I have smiled a ton this week. This is where God wants us for now. :) Until we know where to go next, "I will serve you while I'm waiting, I will worship while I'm waiting on you Lord!!"

Here is a video of what we did this week:

Wednesday, July 1, 2009

So, what next?

"Be anxious for nothing but in everything by prayer and supplication, with thanksgiving, let your requests be made known to God. And the peace of God, which surpasses all understanding, will guard your heart and your mind in Christ Jesus."
Philippians 4:6-7

Easier "read" than done in my case. :) But one thing I know for sure, God's peace definitely surpasses my understanding!

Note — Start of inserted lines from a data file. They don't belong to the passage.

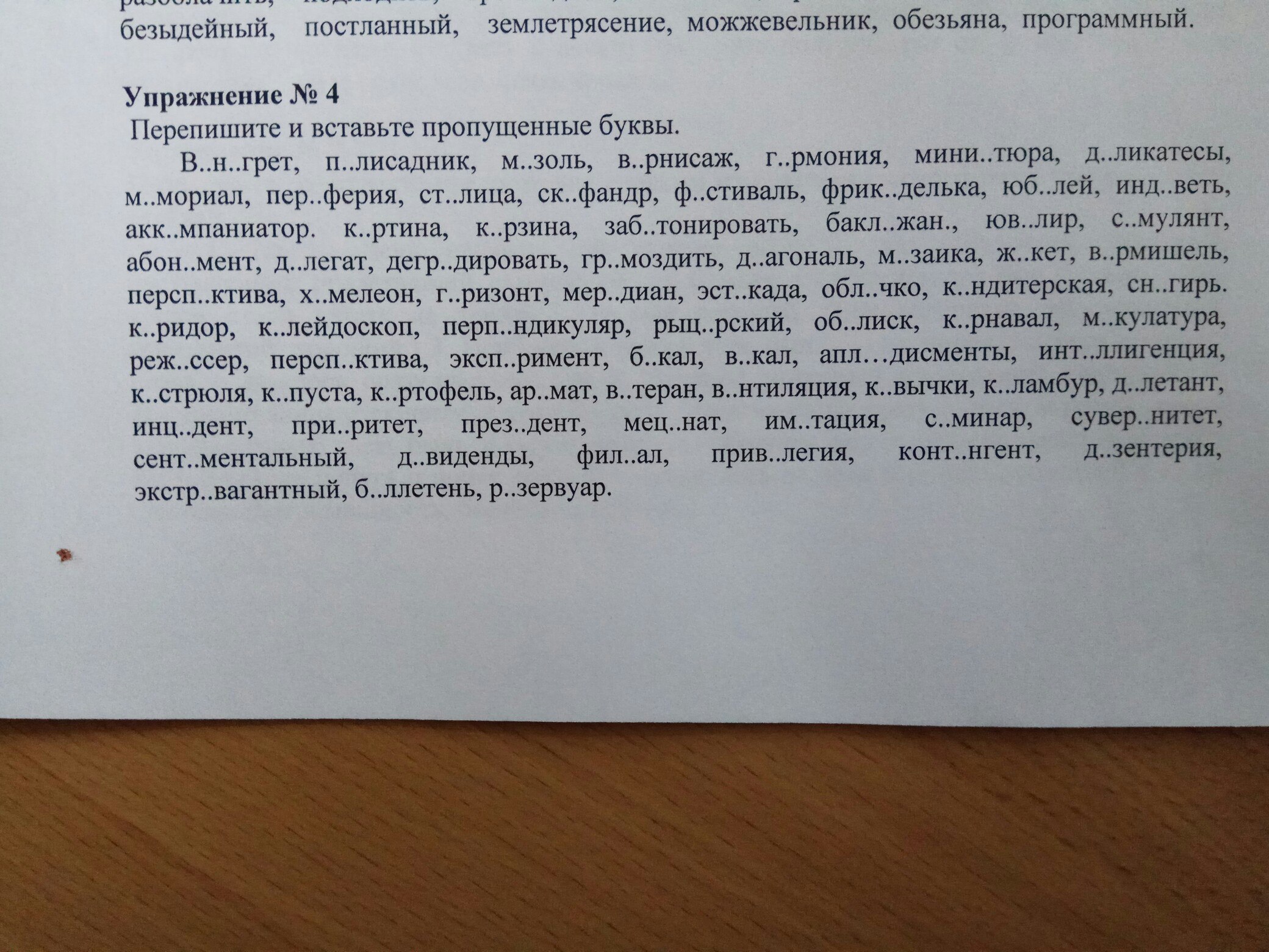 Выше написано: Перепишите и вставьте пропущенные буквы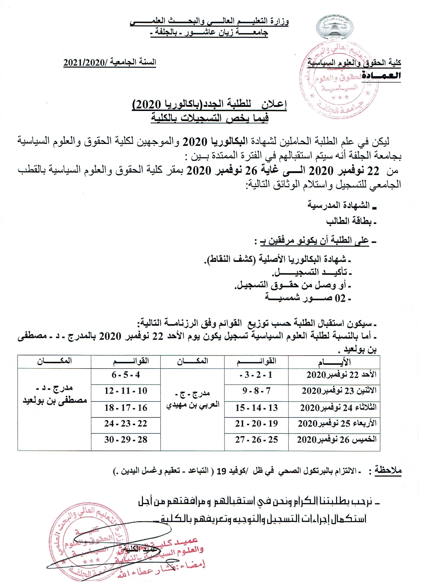 إعلان للطلبة الجدد (بكالوريا2020) فيما يخص التسجيلات بالكلية 18/11/202018/11/2020 قوائم طلبة قسم الحقوق قائمة طلبة قسم العلوم السياسية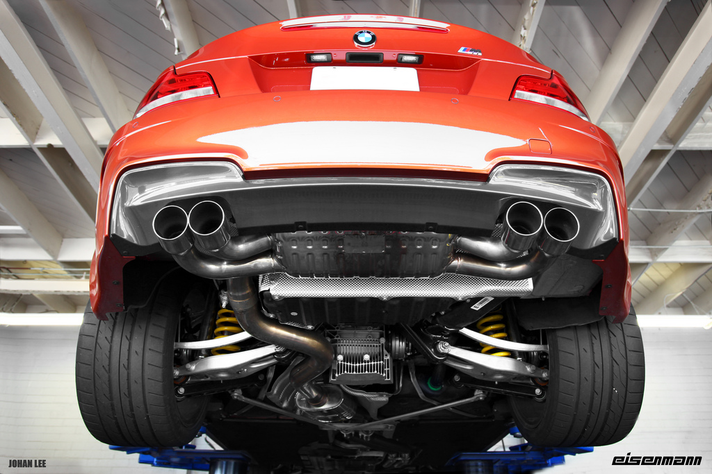 We are fortunate enough to be friends with proud 1M owner Larry, or biglare on the 1addicts forum. His easy going personality, honest feedback, and real enthusiasm for BMW cars made him a perfect choice to try Eisenmann’s new 1M exhaust, and so shortly after landing in our warehouse, the 1M prototype box made it’s way to San Diego, the exhaust system made it’s way out of the box and finally Eisenmann’s 83mm tips made their way under the 1M’s beautiful rear valence.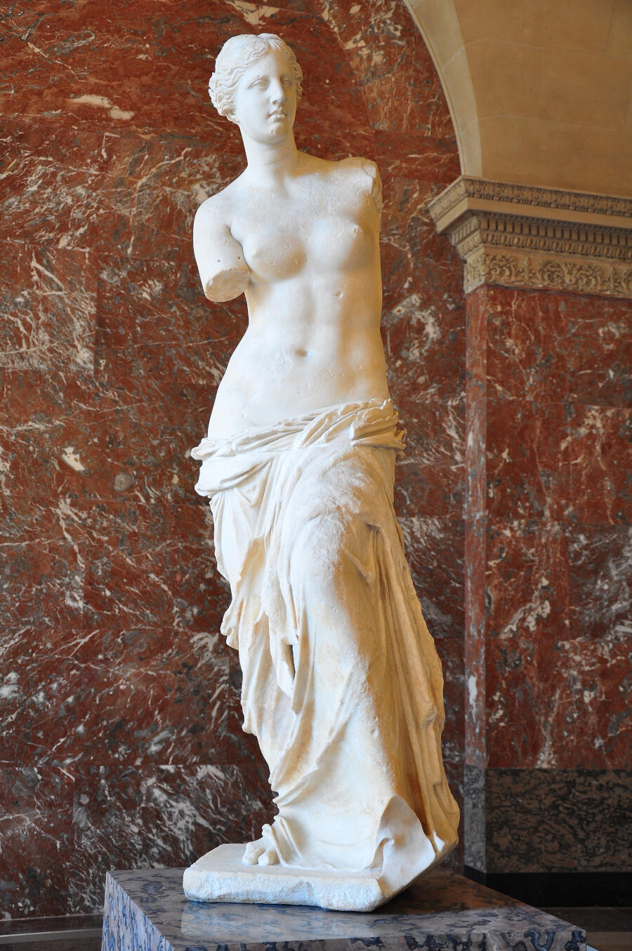 de Milo, références suprêmes en cette première moitié du XIXe siècle néo-classique. Exposée à Paris en 1867, elle fut attribuée au grec Praxitèle F. Pagès, « La Vénus de Martres », Revue archéologique du Midi de la France, 2, 1867, p. 50‑52. avant de devenir, plus raisonnablement, l’une des répliques de l’Aphrodite de Cnide, ville côtière de Carie (sud-ouest de l’actuelle Turquie). Si l’œuvre originale, créée vers 360 avant n. è., a disparu, elle fut amplement copiée. Sa réputation doit beaucoup au témoignage de Pline l’Ancien, qui écrit, au sujet du sculpteur : « Sa Vénus est à la tête, je ne dis pas seulement de toute sa production, mais de celle de tous les artistes du monde » Pline l’Ancien, Histoire naturelle, 77 (circa), XXXVI, 20.. Le même Pline rapporte que s’il avait été donné à Praxitèle la possibilité de privilégier l’une de ses œuvres, l’artiste aurait sans hésitation porté son choix sur celles qui avaient été peintes par Nicias. Ce dernier était effectivement passé maître dans l’application de couleurs sur le marbre poli des sculptures, en premier lieu celles de son confrère Praxitèle.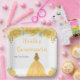 This Quinceanera plate features faux glitter gold floral flowers and a beautiful princess with blonde hair and an elegant dress. This is perfect for a Quinceanera birthday party.

With Craig in Romania, each of us has been thinking about our future in missions. He is growing and praying and being mentored over there. I am growing and praying over here. (Dont' so much have the mentor part...)
Should we be overseas missionaries? Latvia, Romania, some other place? Should we be missionaries where we are and take a few trips each year to these other places? What should our missionary lives look like? We have been called to international missions, but as I am learning there are TONS of opportunities for that right here in our area. How can we overlook these people who need Jesus, too? But on the flip side, how can we overlook those still in other countries who need Jesus and lots of physical help?
I am being presented with many opportunities for international missions over the next few months. I will be praying over which ones to do. I know I can't do them all because of finances and life in general, but I would like to do many of them.
How do we know what to do? What would best suit our family? More importantly, which option does God want us to choose? Why does it seem like all I ever do is to ask questions?
I do know one thing for sure, though--God has given all of us a heart for His people ALL over the world and a desire to know them, help them, love them. I pray that we will fulfill our part of going into all nations and making disciples for Jesus Christ!!
I can't wait til Craig gets back and we can have a real heart to heart about his experiences during this trip to Romania. Hopefully we'll plan a family mission trip to Romania in the semi-near future as well!